Once the pictures are set aside, reproduce the entries below exactly.

[Start of section]

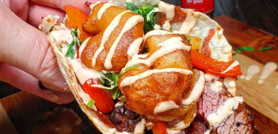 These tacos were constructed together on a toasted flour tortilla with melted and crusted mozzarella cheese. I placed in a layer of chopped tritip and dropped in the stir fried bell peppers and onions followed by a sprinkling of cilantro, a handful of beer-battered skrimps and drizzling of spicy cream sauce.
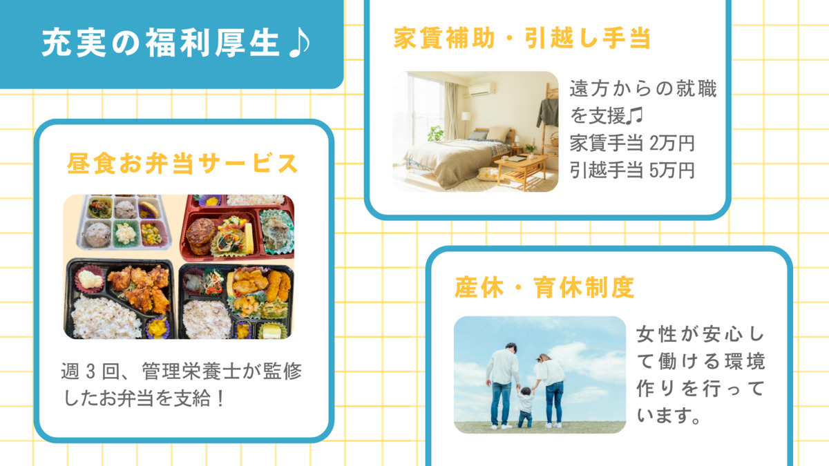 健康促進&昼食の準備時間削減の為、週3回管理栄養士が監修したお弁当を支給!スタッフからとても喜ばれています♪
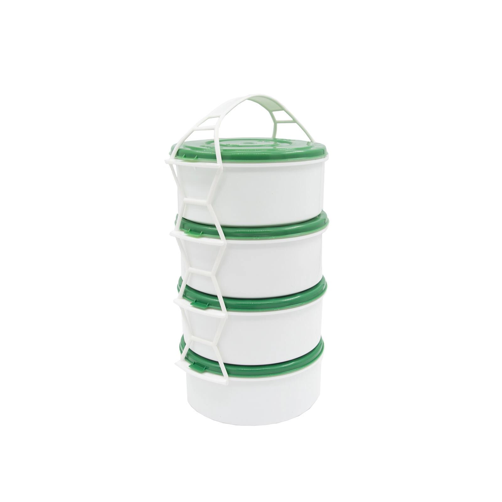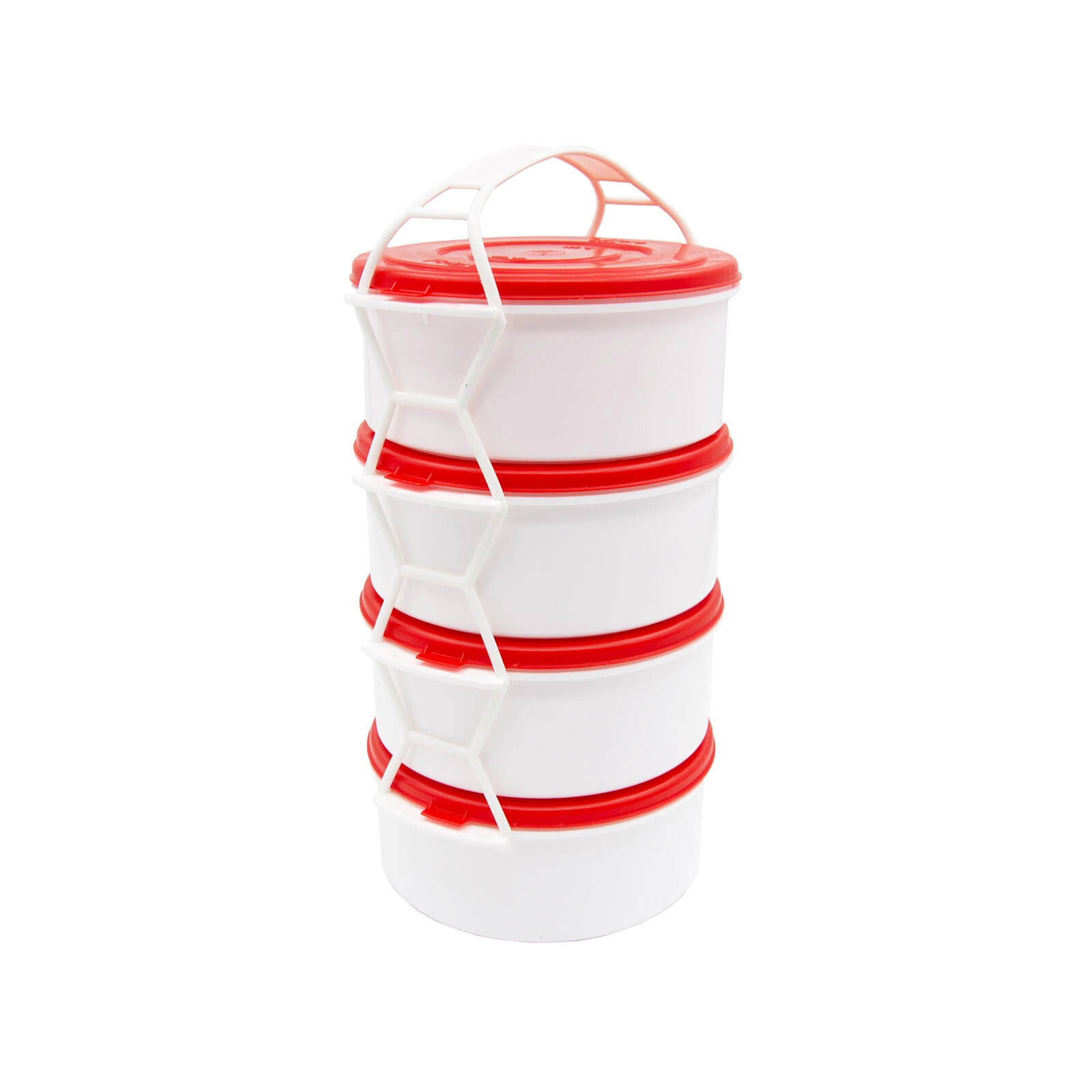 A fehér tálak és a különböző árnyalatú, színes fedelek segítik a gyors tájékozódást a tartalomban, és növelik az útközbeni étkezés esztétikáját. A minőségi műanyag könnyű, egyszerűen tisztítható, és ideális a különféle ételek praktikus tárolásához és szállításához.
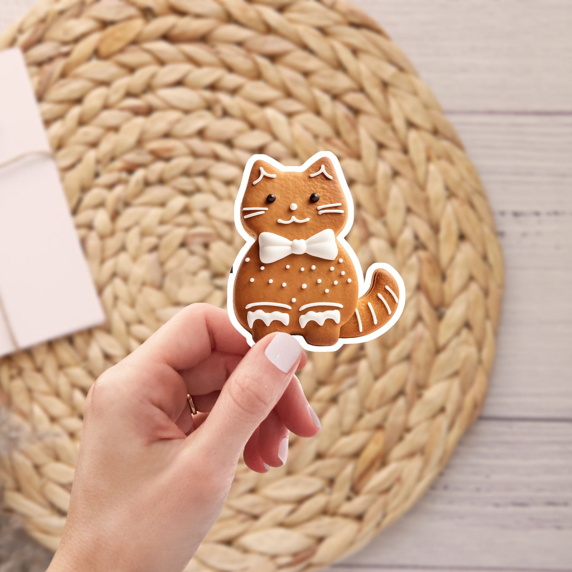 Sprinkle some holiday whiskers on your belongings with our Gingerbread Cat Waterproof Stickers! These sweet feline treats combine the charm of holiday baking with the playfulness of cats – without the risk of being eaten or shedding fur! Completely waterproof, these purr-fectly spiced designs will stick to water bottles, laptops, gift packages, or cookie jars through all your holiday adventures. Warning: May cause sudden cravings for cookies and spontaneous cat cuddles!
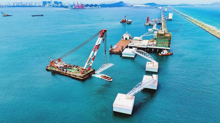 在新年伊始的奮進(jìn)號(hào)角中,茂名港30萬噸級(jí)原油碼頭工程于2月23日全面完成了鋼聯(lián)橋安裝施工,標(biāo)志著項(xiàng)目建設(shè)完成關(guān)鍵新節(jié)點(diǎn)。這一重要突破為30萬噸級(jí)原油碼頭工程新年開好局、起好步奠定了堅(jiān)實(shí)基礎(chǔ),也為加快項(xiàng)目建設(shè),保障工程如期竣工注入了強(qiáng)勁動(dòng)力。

[End of section]

Solution.
 These tacos were constructed together on a toasted flour tortilla with melted and crusted mozzarella cheese. I placed in a layer of chopped tritip and dropped in the stir fried bell peppers and onions followed by a sprinkling of cilantro, a handful of beer-battered skrimps and drizzling of spicy cream sauce.
 健康促進&昼食の準備時間削減の為、週3回管理栄養士が監修したお弁当を支給!スタッフからとても喜ばれています♪
 A fehér tálak és a különböző árnyalatú, színes fedelek segítik a gyors tájékozódást a tartalomban, és növelik az útközbeni étkezés esztétikáját. A minőségi műanyag könnyű, egyszerűen tisztítható, és ideális a különféle ételek praktikus tárolásához és szállításához.
 Sprinkle some holiday whiskers on your belongings with our Gingerbread Cat Waterproof Stickers! These sweet feline treats combine the charm of holiday baking with the playfulness of cats – without the risk of being eaten or shedding fur! Completely waterproof, these purr-fectly spiced designs will stick to water bottles, laptops, gift packages, or cookie jars through all your holiday adventures. Warning: May cause sudden cravings for cookies and spontaneous cat cuddles!
 在新年伊始的奮進(jìn)號(hào)角中,茂名港30萬噸級(jí)原油碼頭工程于2月23日全面完成了鋼聯(lián)橋安裝施工,標(biāo)志著項(xiàng)目建設(shè)完成關(guān)鍵新節(jié)點(diǎn)。這一重要突破為30萬噸級(jí)原油碼頭工程新年開好局、起好步奠定了堅(jiān)實(shí)基礎(chǔ),也為加快項(xiàng)目建設(shè),保障工程如期竣工注入了強(qiáng)勁動(dòng)力。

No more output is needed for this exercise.